The server process can continue processing command requests during the child process AOF rewrite
The child process has a copy of the data of the server process, using the child process instead of the thread, avoiding the use of locks to ensure data security

Use the child process, however, there is a problem to be solved, because the child process in AOF rewriting, the server process also need to continue to process the command requests, and new command may modify the existing state of the database and making the current database server status and rewritten AOF files do not match the saved database state.

To solve this data inconsistency problem, the Redis server sets up an AOF rewrite buffer, which is used after the server creates the child process.

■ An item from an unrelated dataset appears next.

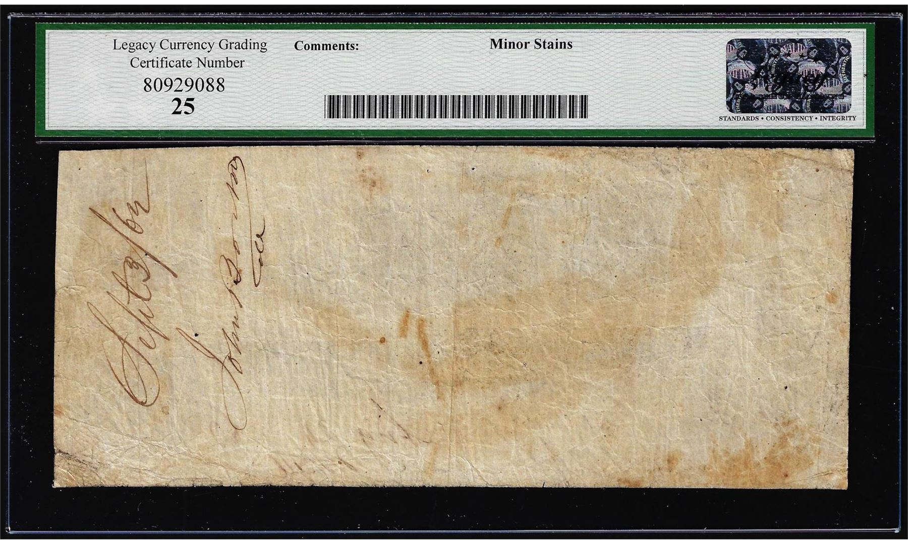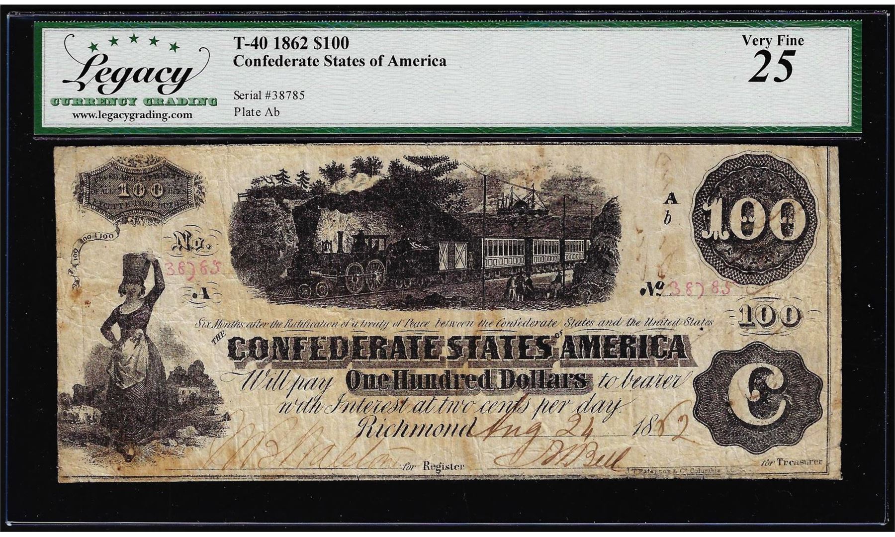 One 1862 $100 Confederate States of America Note T-40 Legacy Very Fine 25. Legacy Graded.

When the Redis server executes a write command, it sends the write command to both the AOF buffer and the AOF rewrite buffer

This means that the server process needs to do the following three things during AOF rewrite by the child process:

(1) Run the command sent by the client

(2) Append the executed write command to the AOF buffer

(3) Append the executed write command to the AOF rewrite buffer.

This ensures that:

The contents of the AOF buffer are periodically written and synchronized toAOFFile on existingAOFThe processing of documents will proceed as usual
All write commands executed by the server from the time the child process is created are loggedAOFRewrite buffer

When the child process completes the AOF rewrite, it sends a signal to the parent process. Upon receiving the signal, the parent process calls a signal handler and performs the following tasks:

willAOFOverwrite everything in the buffer toAOFFile, now newAOFThe database state saved in the file will be the same as the current database state of the server
For the newAOFFiles are renamed atomically to overwrite existing onesAOFFile, complete both old and newAOFFile replacement

AOF file background rewrite process

This is how the BGREWRITEAOF command works.

RDB versus AOF

The advantage of RDB:

RDB files are compact, full backup, and suitable for backup and disaster recovery
When the RDB file is generated, Redis forks () a child process to handle all the save work, and the main process does not need to do any disk IO
RDB can recover large data sets faster than AOF

RDB disadvantage:

When snapshot persistence is implemented, a child process is enabled to take charge of snapshot persistence. The child process has the memory data of the parent process, and the child process does not react to the parent process’s memory modification. Therefore, the data modified during snapshot persistence is not saved and may lose data.

AOF advantage:

It can protect data from loss. Generally, AOF will execute fsync operation every 1s through a background thread, and the data will be lost at most 1s
AOF files do not have any disk addressing overhead, write performance is very high, and files are not prone to breakage
Even if the AOF file is too large, the background rewrite operation does not affect the client read and write
Commands for AOF files are recorded in a very readable manner, ideal for emergency recovery in the event of catastrophic deletions

AOF disadvantage:

AOF files are usually larger than RDB data snapshot files for the same data
When AOF is enabled, the supported write QPS are lower than those supported by RDB because AOF is typically configured to fsync once per second

summary

The command	RDB	AOF
Start the efficiency	Large data sets are efficient	Small data set efficiency is high
The file size	small	big
Recovery rate	fast	slow
Data security	Lost data	By strategy
Light and heavy	heavy	light

There are pros and cons to both methods of persistence, and a combination of them is usually used to implement persistence.